When will I stop dreaming about him?

iVillage Member
Registered: 08-16-2005
When will I stop dreaming about him?
2
Tue, 05-08-2007 - 10:11pm

I've never truly introduced myself, but I needed to write. I asked my h to leave just before xmas last year and has been living with his parents ever since. Our (his) history in our almost 7 year marriage includes alcoholism, infidelity, etc. His last "friend" broke this camel's back when I asked him to leave. We have 2 children, almost 4 year old twins. He has seen them almost every day since leaving and we have been getting along very well. The process has gone smoothly and we are going to court this Friday (gulp!) What I want to know is when will I stop dreaming of him? I don't mean bad dreams...which finally stopped a few months ago...just regular dreams. He's in every one of them and in my dreams it's like nothing ever happened. We are together, parents, lovers, and friends. Almost every dream I have he is in. Now, since he left, I have given him one hug when his father was diagnosed with cancer. Otherwise it's been purely platonic and friendly. I actually avoid touching him. I have my moments of pure hatred and betrayal, but my good days are finally outweighing my bad days. But, why do I dream like this??? Will there be one day where I will dream of us actually divorced? Or dealing with visitations? Things that are actually going on in my real life. I'm just confused and its beginning to make me wake up sad. It's like throwing it in my face what I no longer have. What my life is no longer about. Could this be happening more because court is coming up?? Because our (would be) 7 year anniversary would be in 2 weeks?? Maybe that's why. Oh who knows.
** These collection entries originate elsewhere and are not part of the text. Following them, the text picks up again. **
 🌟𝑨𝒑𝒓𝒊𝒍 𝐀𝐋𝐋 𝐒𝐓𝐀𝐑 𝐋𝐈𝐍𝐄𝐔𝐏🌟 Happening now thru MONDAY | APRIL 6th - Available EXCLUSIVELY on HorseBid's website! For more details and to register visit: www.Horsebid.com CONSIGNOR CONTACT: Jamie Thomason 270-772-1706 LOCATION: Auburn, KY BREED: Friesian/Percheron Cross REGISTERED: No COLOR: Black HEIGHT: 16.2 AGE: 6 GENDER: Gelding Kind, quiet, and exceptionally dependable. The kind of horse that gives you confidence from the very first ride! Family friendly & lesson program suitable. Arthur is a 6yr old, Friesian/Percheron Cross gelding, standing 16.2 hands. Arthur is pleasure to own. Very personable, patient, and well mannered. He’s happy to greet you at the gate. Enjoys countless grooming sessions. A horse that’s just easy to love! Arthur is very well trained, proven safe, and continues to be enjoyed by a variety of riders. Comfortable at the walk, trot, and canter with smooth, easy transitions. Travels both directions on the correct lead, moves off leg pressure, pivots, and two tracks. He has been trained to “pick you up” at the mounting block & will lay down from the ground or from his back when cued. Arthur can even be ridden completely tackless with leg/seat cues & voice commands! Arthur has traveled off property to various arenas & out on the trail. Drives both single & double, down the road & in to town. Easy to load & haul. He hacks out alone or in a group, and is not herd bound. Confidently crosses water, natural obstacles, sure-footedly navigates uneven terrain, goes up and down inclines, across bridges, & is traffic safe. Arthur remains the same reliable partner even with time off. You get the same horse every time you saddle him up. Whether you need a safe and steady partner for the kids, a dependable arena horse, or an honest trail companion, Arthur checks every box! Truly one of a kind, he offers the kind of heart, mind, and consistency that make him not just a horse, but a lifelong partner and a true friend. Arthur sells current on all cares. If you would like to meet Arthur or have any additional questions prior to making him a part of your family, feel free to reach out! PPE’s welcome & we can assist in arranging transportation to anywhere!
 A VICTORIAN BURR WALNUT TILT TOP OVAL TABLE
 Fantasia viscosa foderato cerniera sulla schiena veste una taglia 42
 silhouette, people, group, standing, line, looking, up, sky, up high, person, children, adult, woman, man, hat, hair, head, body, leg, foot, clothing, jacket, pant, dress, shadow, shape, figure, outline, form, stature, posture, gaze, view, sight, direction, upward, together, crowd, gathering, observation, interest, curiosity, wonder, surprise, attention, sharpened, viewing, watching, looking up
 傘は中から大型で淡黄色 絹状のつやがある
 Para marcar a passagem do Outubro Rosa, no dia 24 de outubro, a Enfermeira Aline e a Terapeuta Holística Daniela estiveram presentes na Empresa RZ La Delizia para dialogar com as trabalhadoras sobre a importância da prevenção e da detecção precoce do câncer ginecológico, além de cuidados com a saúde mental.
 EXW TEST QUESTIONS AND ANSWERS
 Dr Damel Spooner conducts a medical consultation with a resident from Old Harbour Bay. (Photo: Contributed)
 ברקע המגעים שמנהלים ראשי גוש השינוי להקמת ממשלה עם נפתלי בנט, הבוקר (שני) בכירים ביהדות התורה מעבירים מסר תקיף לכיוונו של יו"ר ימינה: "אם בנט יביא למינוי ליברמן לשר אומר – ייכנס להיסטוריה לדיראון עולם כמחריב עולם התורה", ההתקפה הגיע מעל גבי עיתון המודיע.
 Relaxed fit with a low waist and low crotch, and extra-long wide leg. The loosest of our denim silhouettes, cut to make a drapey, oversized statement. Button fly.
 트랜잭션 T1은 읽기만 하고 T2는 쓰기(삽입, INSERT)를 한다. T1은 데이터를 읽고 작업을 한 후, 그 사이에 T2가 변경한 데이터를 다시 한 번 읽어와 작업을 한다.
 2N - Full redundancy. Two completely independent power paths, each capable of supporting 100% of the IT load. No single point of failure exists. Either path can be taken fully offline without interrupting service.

Just wondering if I'm the only one.

Thanks!!
Karie

iVillage Member
Registered: 05-07-2007
Tue, 05-08-2007 - 11:15pm
Karie,
Oh my Gosh no you are not the only one who dreams of the former every night. I was married for eight years.
Our issues were very similiar alcohol except his affairs were with the internet. At least prior to the separation. He then moved half way across the US to chase his music career(he was in his mid 40s). He left me behind with our then four year old son and all the household bills. He felt I made enough money and could survive. Unfortunately, durring this time one of my old boyfriends from way back called and I started an emotional affair with him. HUGE MISTAKE!!! I first asked for the divorce because I was tired of supporting him and did not want to move to Vegas. I also thought my life would be so much better without all the emotional abuse. We were separated 3 and half years, but had a revolving door. We actually were back together about a year of that. Of course I then found out after a couple of his girlfriends calling my house he wasnt Mr. Innocent. Then last March he gave me divorce papers. Our divorce was final in August but we were dating eachother and more until the weekend before Thanksgiving when he told me he met someone on Match.com and wanted this new relationship to work. Now mind you during the month of December and January he was still affectionate towards me. Our six month waiting period was over February 25th and on February 26th he married Ms. Match.Com...whom has two kids two years apart and two different dads. But their relationship was centered around the Lord. I suppose that made it ok to have my son see the two of them in the same be prior to the marriage. They did not even invite our son to the wedding. He told our son when he picked him up from school.
They bought a home(the one I originally wanted but was told we could not afford) 15 blocks west of my home. NICE.
Ok so enough of the background. I think about him all the time and as sick as this may be still love him very much. I have had to build some strong boundaries. I dream of him every single night. I tell myself when I go to bed that I am not going to dream of him and sure enough I do. Sometimes it is like nothing ever happened. Other times I am fighting to tell my side of the story and plead my case of love for him. One time I even dreamed I was at their wedding and I started spitting all over them. I wake up often in the night and say ok you are NOT going to dream of him. Then of course I do.
I have been told it just takes time. Well this time seems to be the longest time ever. I have also been told I just need to find someone to replace him with in my dreams. However I dont want anyone else. Now that is very sick.
My mother thinks I am crazy because I tell her I dream about him. She replies how can you even think of that monster they must be nightmares.
Not really a solution more of just a yeah I totally hear you.
Avatar for hwh50
iVillage Member
Registered: 05-02-2001
Wed, 05-09-2007 - 4:20am
I'm 57 years old and my h of 30 years left me and divorced me. I never stopped dreaming about him or loving him. He came back 3-1/2 years later and asked me to marry him again. I took 3 months to think about it and finally said yes. It lasted 2 years and he left again, that was 2 years ago. I still dream of him and I'll always love him. During our first divorce I dated 1 guy for 3 months and couldn't have sex with him the first few times because I felt like I was cheating. I finally got past that, moved on and it was great. But I never stopped loving or thinking about my husband, he was and still is in my heart. I haven't even made an effort to date during this past 2 years because I still think about my h constantly. But I know when the time is right, my heart will let me know, just like before. If it weren't for the good dreams about him I don't know if I could go on. Hope this helps.